Assignment →
Please output only the lines running from the one that contains "Invena MINI PATRAS" through the last line of the data below, exactly as they stand, with no pictures.

Provided material →
■ ■ ■ ■
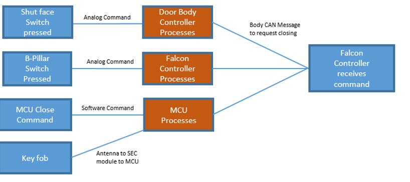 Each of these actuations is processed by a controller to recognize the request. The corresponding CAN message is then sent on the body CAN bus. Once the message is sent on CAN, the next stage of opening begins.
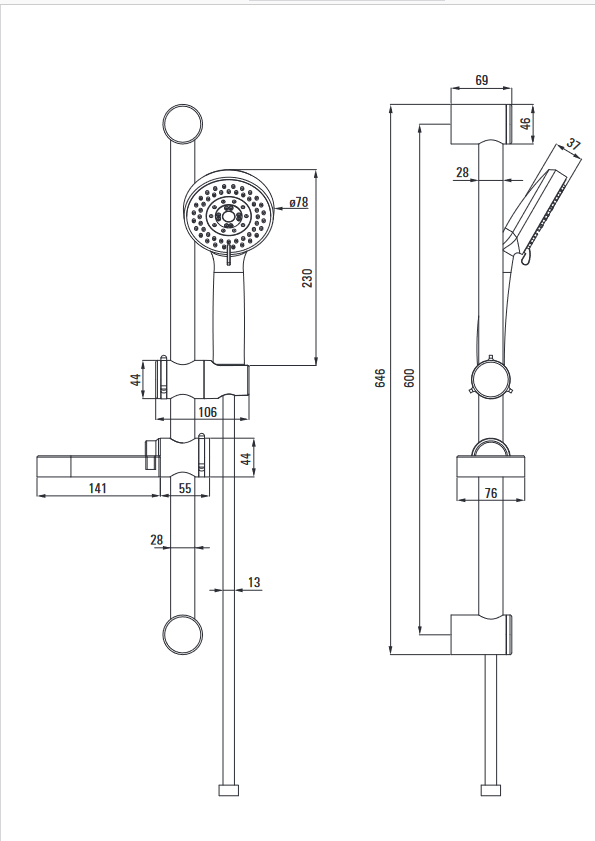 Invena MINI PATRAS kézizuhany, 1 funkciós, matt fekete AU-31-M04-G
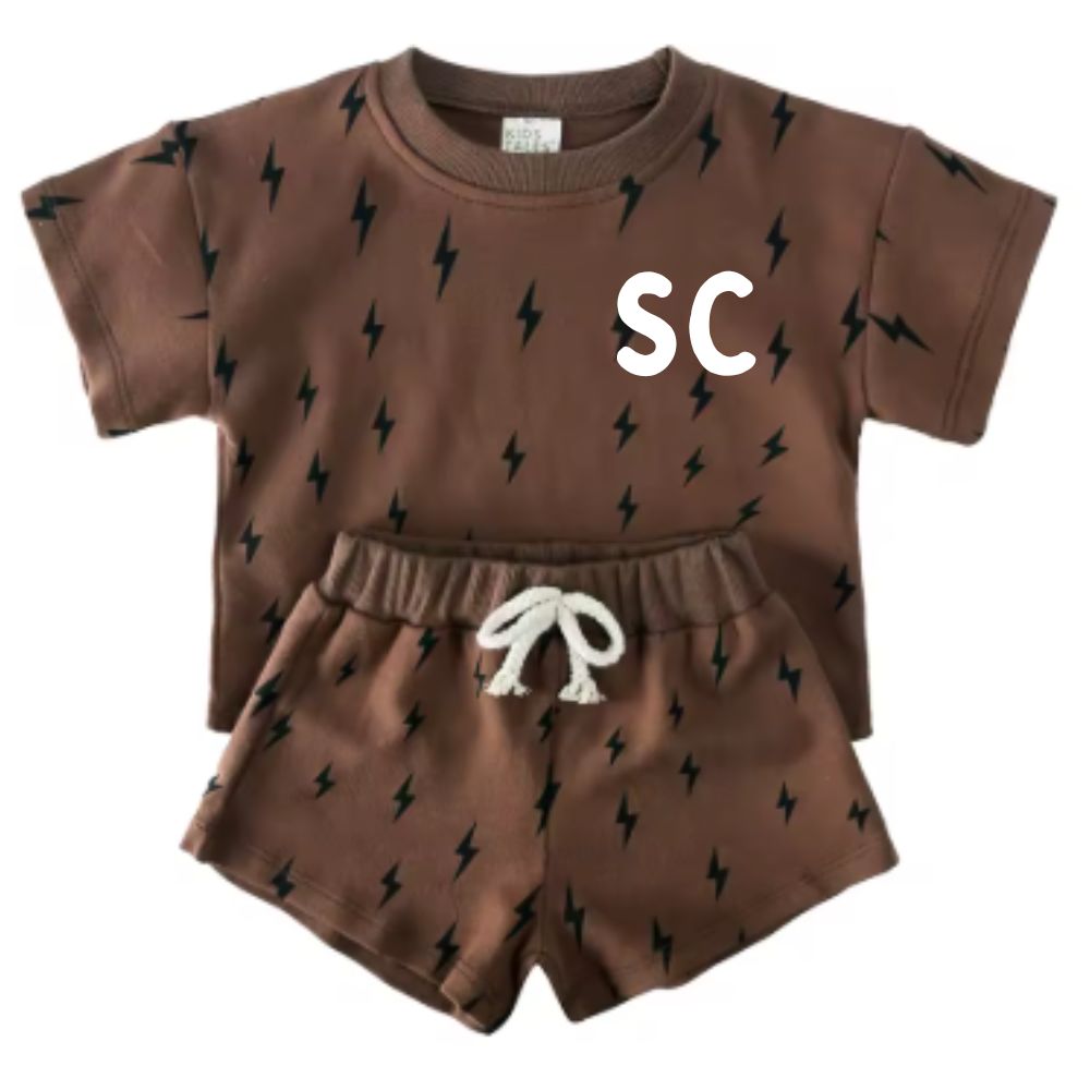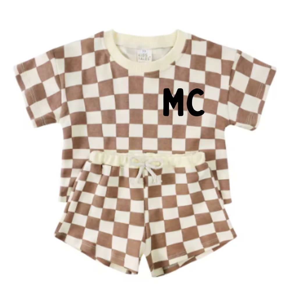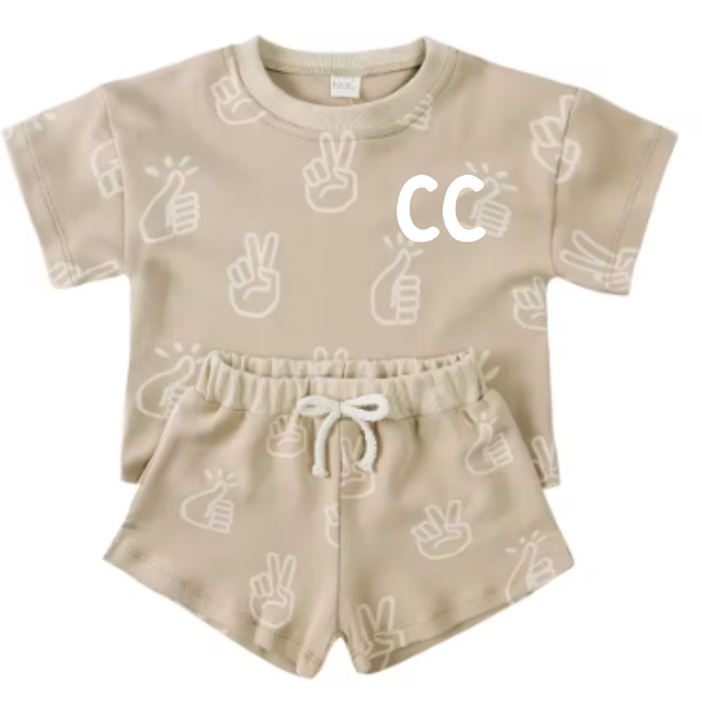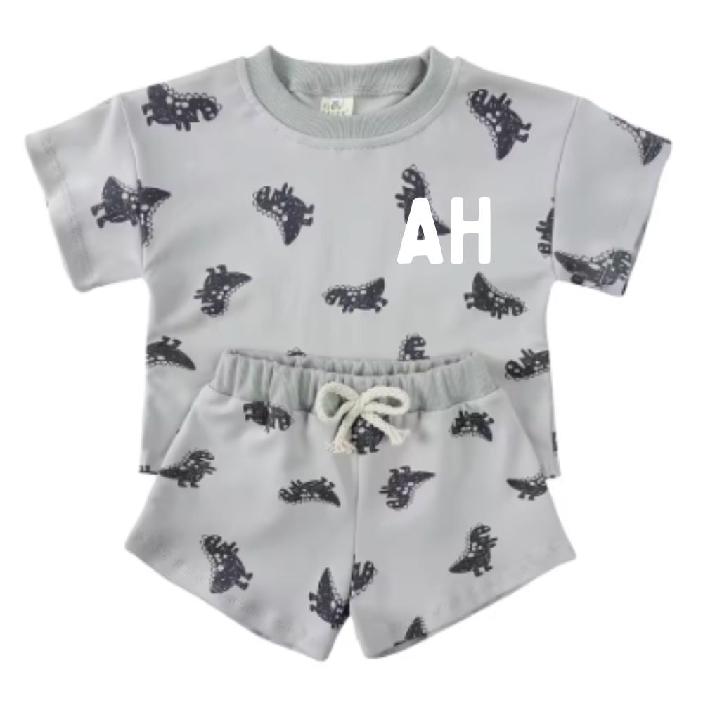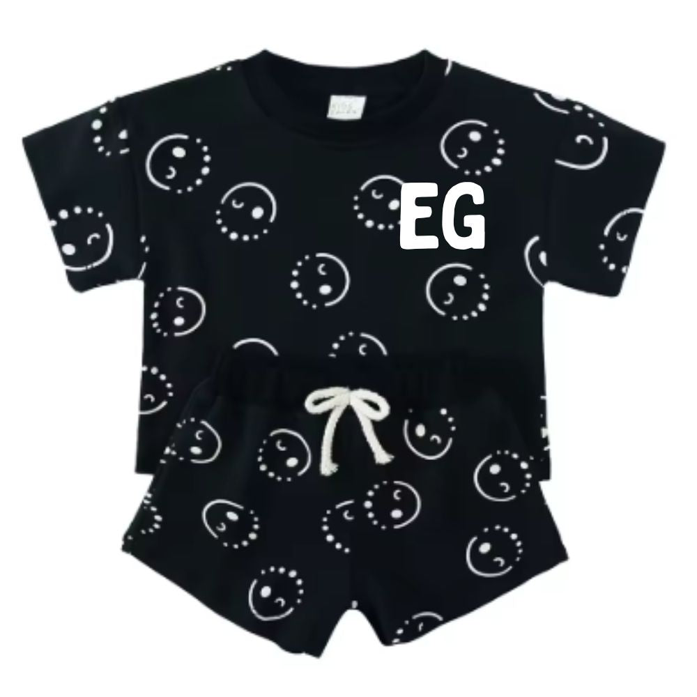 Elevate a kids wardrobe with this trendy two piece tee & shorts set. Customised with chosen initials, this set is the perfect fit this Summer.
■ ■ ■ ■
Solved exercise →
 Invena MINI PATRAS kézizuhany, 1 funkciós, matt fekete AU-31-M04-G
 Elevate a kids wardrobe with this trendy two piece tee & shorts set. Customised with chosen initials, this set is the perfect fit this Summer.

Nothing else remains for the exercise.